What I like about The Foundation is how much world-building it does. The Board, who/whatever they are, are directly threatened by what’s going on in the Foundation, and it seemed as though their cryptic instructions took on more personality than ever in this story. The astral entities are at war with the Hiss down in the Foundation and it’s fun to choose your targets and prioritize the enemies that are targeting you while the other enemies thin each other out. There isn’t anything too distinctly different about the enemy types. In fact, you may not even notice there are two factions. Control is better experienced atmospherically rather than narratively in my opinion, and that kind of stuff is a nice touch.

There’s juicy lore to pick up, perhaps some of the best yet. It doesn’t do much to explain what’s going on, again, it’s atmosphere building. I laughed out loud at a couple of the letters I found scattered around, and a few of them absolutely made my skin crawl. I love the lore of Control and the universe they’re creating. Just existing in that world is enough to keep bringing me back, even if I have some pretty big issues with the gameplay.

Complaining About Combat

After the combat-focused free update Expeditions came out in December, I was hesitant to return to Control so soon. In both reviews for Control and Expeditions, I described my frustration with the combat in this game. I won’t spend too much time rehashing those opinions, but I’ll say that if, like me, you did not enjoy the combat in the base game, nothing here has really changed.

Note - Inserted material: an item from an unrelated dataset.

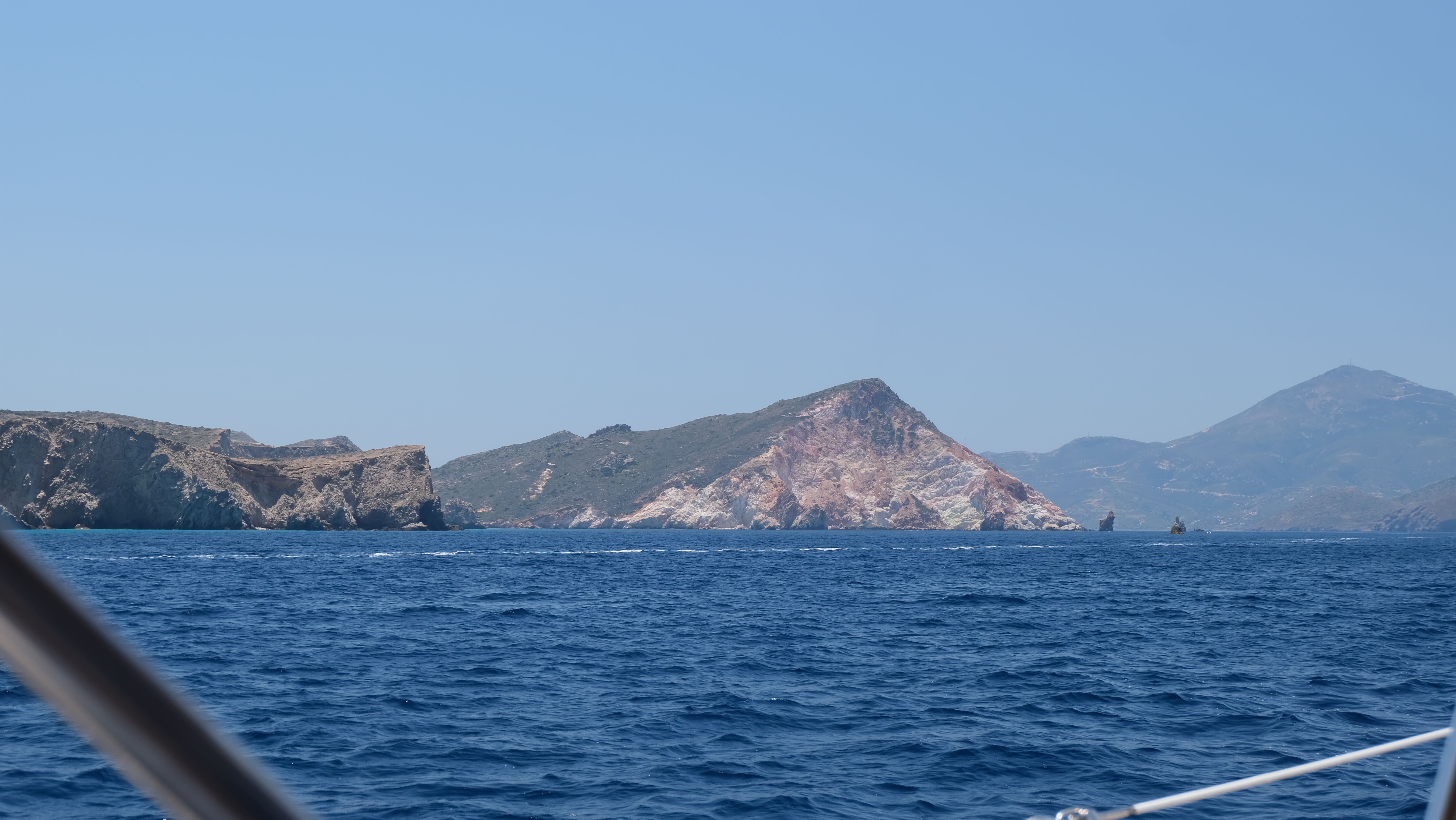 We were sad to say goodbye to our crew, but Chris and Liz had a plane to catch, and we had a weather window to do the 70 mile trip across from Milos to the Peloponnese, which we completed in 13 hours on June 8th, sailing for half of it, motoring when we lost the wind or it chose to blow the wrong way! Before we left we re-provisioned the boat at the local supermarket. It was a ghastly experience, the store was tiny and stuffed with people fighting over the last items of particular foods; the butcher, the only one in town, decided to fulfil a huge order for mincemeat at peak time so the queue grew and grew as she failed to serve anyone. If ever a town needed a better shop it is Adhamas!

There are two new abilities added in The Foundation that are used in both platforming and combat. One ability allows Jesse to created platforms made of crystals in designated places, the other allows her to destroy crystals by shooting them.

When it comes to platforming, Jesse will need to create crystals to jump to, as well as destroy crystals that block access to other platforms. It’s an extra step in a series of platforming sections that already feel like filler. There’s nothing to figure out and it doesn’t feel like a puzzle to solve. If you see a spot for a crystal, make one. If there’s a crystal that shouldn’t be there, shoot it. Then, take a slow, floaty jump to the next platform, rinse and repeat. There’s a lot of platforming outside of combat, and all of it feels tedious.

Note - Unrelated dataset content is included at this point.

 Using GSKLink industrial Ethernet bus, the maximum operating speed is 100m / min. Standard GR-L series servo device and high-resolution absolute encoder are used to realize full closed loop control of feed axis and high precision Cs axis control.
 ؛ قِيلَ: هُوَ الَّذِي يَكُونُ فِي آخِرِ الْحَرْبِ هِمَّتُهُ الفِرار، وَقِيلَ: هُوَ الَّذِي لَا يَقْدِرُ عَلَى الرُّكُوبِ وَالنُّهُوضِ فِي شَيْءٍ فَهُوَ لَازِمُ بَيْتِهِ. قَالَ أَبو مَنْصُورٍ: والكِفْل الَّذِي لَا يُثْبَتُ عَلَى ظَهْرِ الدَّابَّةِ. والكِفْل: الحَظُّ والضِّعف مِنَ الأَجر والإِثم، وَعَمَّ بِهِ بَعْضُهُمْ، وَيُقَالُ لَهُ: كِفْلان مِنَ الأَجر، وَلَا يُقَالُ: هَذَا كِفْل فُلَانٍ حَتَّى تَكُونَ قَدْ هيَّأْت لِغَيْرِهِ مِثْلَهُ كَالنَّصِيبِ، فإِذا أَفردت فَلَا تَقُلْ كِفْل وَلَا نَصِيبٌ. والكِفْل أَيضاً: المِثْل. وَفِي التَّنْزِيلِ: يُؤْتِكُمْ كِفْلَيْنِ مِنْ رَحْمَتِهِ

In combat, these news abilities are used to trigger traps. Spike traps can be instantly created underneath enemies in some places, while in other places, a well-aimed shot can destroy the crystal surface beneath an enemy, dropping them in a pit and killing them instantly.

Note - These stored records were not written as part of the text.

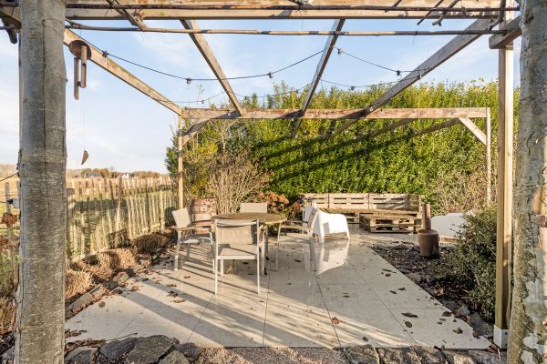 Buiten: mooi aangelegde tuin met uitzicht over de velden, terrassen voor- en achteraan, ruime garage.
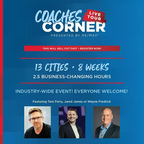 The Coaches Corner Live Tour Presented by RE/MAX is traveling across the country this summer, giving agents and brokers from any brand the opportunity to learn – in-person! – new skills to elevate business growth from the experts who have seen it all. Join renowned real estate coach Wayne Fredrick for an individualized coaching experience. The two-and-a-half hour session will provide an invaluable opportunity for real estate agents to mastermind and work together on a personalized roadmap to excellence.
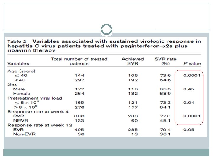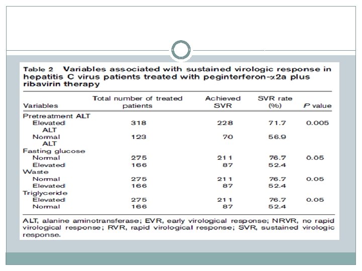 REGRESSÃO LOGÍSTICA Regressão Logística multivariada mostrou que as varíaveis : � glicemia normal de jejum; P <0, 001); �RVR (P <0, 0001); � baixa carga viral (P <0, 001); �síndrome metabólica (P <0, 001) Tiveram influência positiva na SVR.
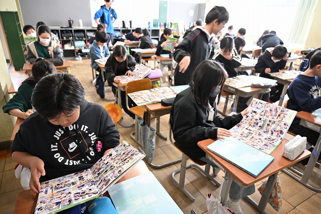6年生が卒業アルバムを受け取り、懐かしそうに読んでいました。今年のアルバムは、最初の2ページ見開きは自分の個人写真が掲載されていて、一人ずつ違ったものとなっています。
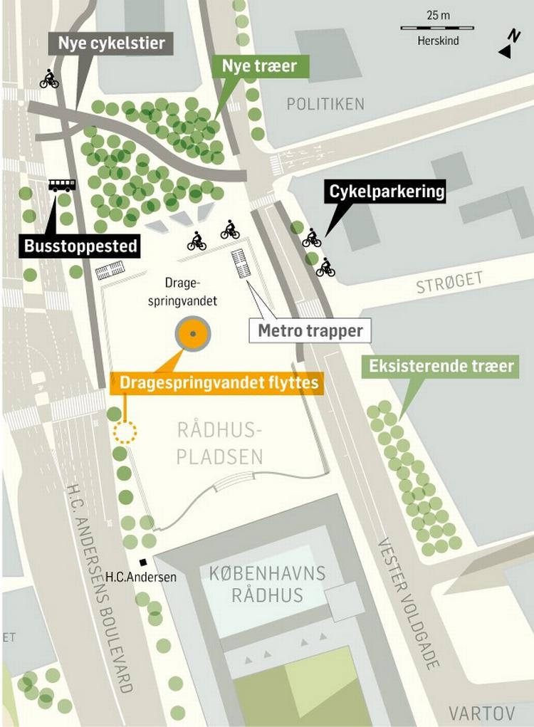 Det var et enigt Teknik- og miljøudvalg, der i 2016 vedtog den endelige plan for, hvordan Rådhuspladsen skulle se ud efter den nylige indgivelse af Cityringen, da flytningen blev bestemt.

Adding environmental options for combat was a great idea for Control. Even though the traps are highly situational (more than half the enemies are flying after all), it’s always pretty satisfying to trigger a trap with the right timing. I wish this mechanic was in the base game, because the ability never really gets an opportunity to evolve and iterate in the short run time of The Foundation. It is used heavily in the last boss fight to the point I would say it’s required that you take advantage of traps to beat the boss. I hope part two of this DLC makes further use of environmental traps; it’s definitely something the base game was missing.

The Right Kind Of DLC

I like a DLC that delivers a shorter version of the base game, but mixes in new ideas and experiments with mechanics. The environmental traps are a great addition and I think the story they’re telling here is worth investing in. I’m not overly disappointed that it doesn’t really tie into the main story, as I expect the inevitable sequel to continue that those threads.

The world of Control has its hooks in me, but I still don’t particularly enjoy playing it. The platforming isn’t any kind of challenge or thrill, and the combat fills me with rage and despair. It’s interesting that a game called Control can make me feel like I have no control over my character or the battlefield. Traps help, but they only go so far.

A PC code for Control: The Foundation was provided to TheGamer for this review. The Foundation is available now on PC and PlayStation 4.